In People v. Hyden, 118 Cal. App. 2d 744, 258 P.2d 1018, the trial court dismissed an information charging possession of morphine because, as a matter of law, 2 milligrams of morphine would be an insufficient amount to support a conviction for unlawful *120 possession. On appeal this was reversed, the court saying:

"Whether or not that quantity was sufficient not only required evidence, but was a matter of defense. * * * It was error to hold, as a matter of law, that the amount of morphine found, standing alone, was conclusive. The evidence on both sides should have been received, after which it could have been determined whether or not it was sufficient to sustain a conviction."

The Texas cases of Greer v. State and Pelham v. State, supra, are heavily relied on by appellant but we do not feel that they significantly contradict the line of cases which hold that no specific amount is required under the statutes. They are simply authority for the proposition that there must be an amount of narcotic drug sufficient to be used by an accused. As the Pelham case stated:

"* * * we have concluded that the reasonable construction and interpretation to be applied here is that the legislature intended that to constitute the unlawful act of possessing marijuana there must be possessed an amount sufficient to be applied to the use commonly made thereof."

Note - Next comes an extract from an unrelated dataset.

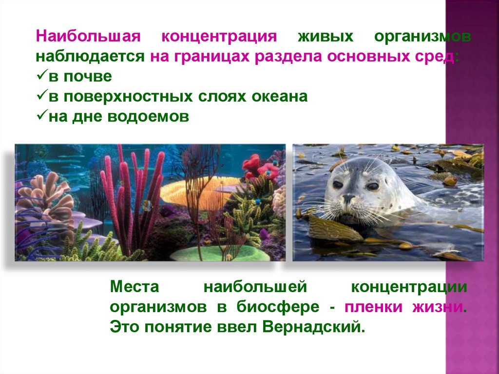 Наибольшая концентрация живых организмовнаблюдается на границах раздела основных сред:
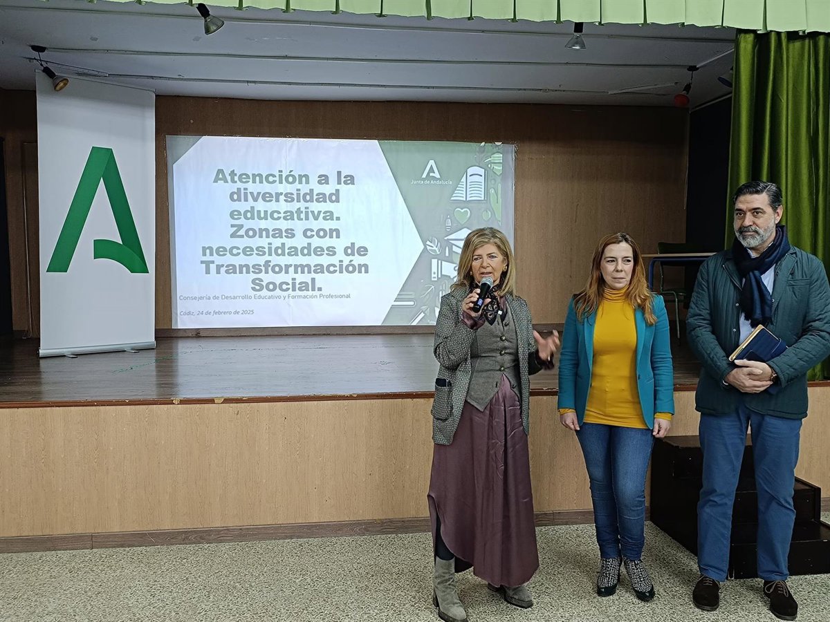 La directora general de Participación e Inclusión Educativa de la Junta de Andalucía, Almudena García Rosado, ha visitado este lunes el CEIP Gadir en Cádiz para presentar el programa para la atención educativa en Zonas con necesidades de Transformación Social (ZTS) y las actuaciones educativas para el alumnado en situación o riesgo de vulnerabilidad.

We believe the correct rule to be applied under a statute such as ours is that where the amount of a narcotic is so small as to require a chemical analysis to detect its presence, the quantity is sufficient if useable under the known practices of narcotic addicts. We hold that only in those cases where the amount is incapable of being put to any effective use will the evidence be insufficient to support a conviction.

A review of the record of the case now before us reveals that the conclusions here reached were applied by the trial court for it correctly instructed the jury:

"You are instructed that the elements of the crime charged, to-wit, unlawful possession of narcotics are these: One, the person charged must have been in possession of a substance; two, the substance must have been a narcotic drug; three, the substance must have been in such quantity and quality to be susceptible of use as a narcotic; four, the possessor must have knowledge of the possession of such substance * * *. "If you believe from the evidence beyond a reasonable doubt that the defendant possessed a narcotic drug known as heroin, then you are instructed the weight or amount of the drug is immaterial so long as you find that there was a sufficient amount of such drug as to be useable as a narcotic." (Emphasis supplied)

*121 The judgment of the court below is affirmed.

BERNSTEIN, C.J., UDALL, V.C.J., and JENNINGS and LOCKWOOD, JJ., concur.